Chelsea exacted some measure of revenge on Manchester United for last Sunday by dumping them out of the Capital One Cup in a round of sixteen tie. For the second time in three days, the two teams met at Stamford Bridge and while this time controversy was less in content than in the league encounter, there was a surplus of goals and excitement.
The visitors took the lead thrice in normal time only for the home team to peg them back on each occasion, the last of the levelers – an Eden Hazard penalty – coming in the fourth minute of the time added at the end. In extra time, Chelsea finally took firm control of the tie by scoring twice through Daniel Sturridge and Ramires before Ryan Giggs scored from the spot to reduce the deficit. At the end of a pulsating 120 minutes of cup football, the final score read Chelsea 5-4 Manchester United.
After all the kerfuffle surrounding the Mark Clattenburg’s performance on Sunday’s encounter, the official for this game, Lee Mason, was bound to be cynosure of all eyes.
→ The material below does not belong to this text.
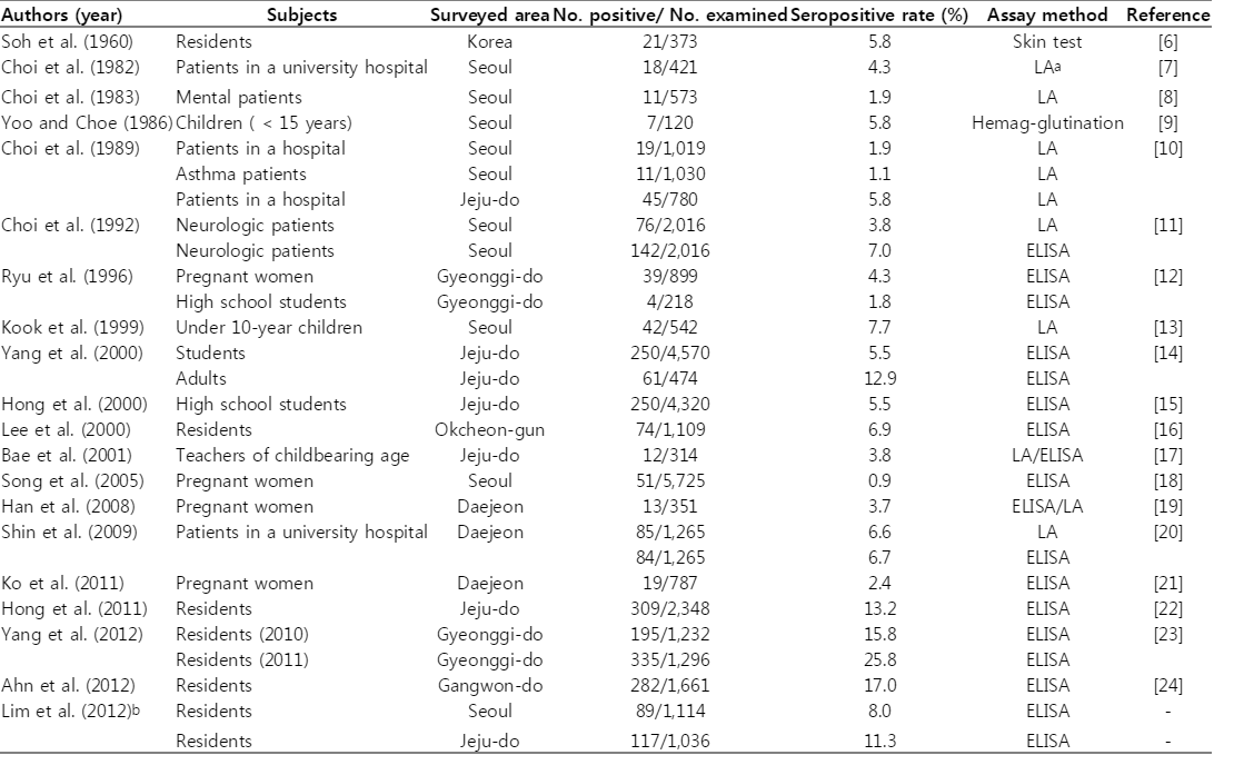 In the Republic of Korea (hereafter referred to as Korea), the seroprevalence of toxoplasmosis has been studied by many researchers [

However, the man from Bolton coped admirably with the attention and got almost all the major decisions right including award of three spot kicks in the game.
Even then though, Chelsea manager Roberto Di Matteo still sounded sour over the last weekend’s result which he perceived as an injustice.
“It’s not been the easiest few days we have had but we wanted to show tonight that Sunday’s game was heavily influenced by the officials.” – Di Matteo told BBC Sport.
The criticism aimed at Clattenburg probably betrayed the pressure Di Matteo has been put under not only due to the two defeats in a row (previous one being to Shakhtar Donetsk in Champions League) but also because of the seriousness of the charges being leveled at Clattenburg by the club.
But while Di Matteo heaped praise on the character displayed by his own players, particularly John Obi Mikel and Juan Mata, Sir Alex Ferguson bemoaned his team’s inability to see off the game in the closing stages of normal time and pointed the finger of blame towards one particular player.
“We gave the ball away for the third goal. We were in complete control of the match at that point, playing really good football and all we needed to do was see the game out and keep possession. Nani decided to try and beat a player, lost the ball and we ended up conceding a penalty kick.” – Ferguson told MUTV.
Such public admonishment had cast further doubt on the future of the Portuguese winger – who incidentally scored in the tie – at the club. It may just now be a matter of time, either January or at the end of the season, before the player is off to seek pastures anew.
Nani, however, was not the only player culpable for the defeat, as Ferguson admitted the gamble of playing two relatively inexperienced centre halves in Michael Keane and Scot Wootton – the latter conceded the late penalty and gave the ball away for Sturridge’s goal – cost his team dearly.
We took a gamble in terms of the centre-backs. It’s very difficult because one’s 19 [Michael Keane] and one’s 20 [Wootton]. It’s not easy.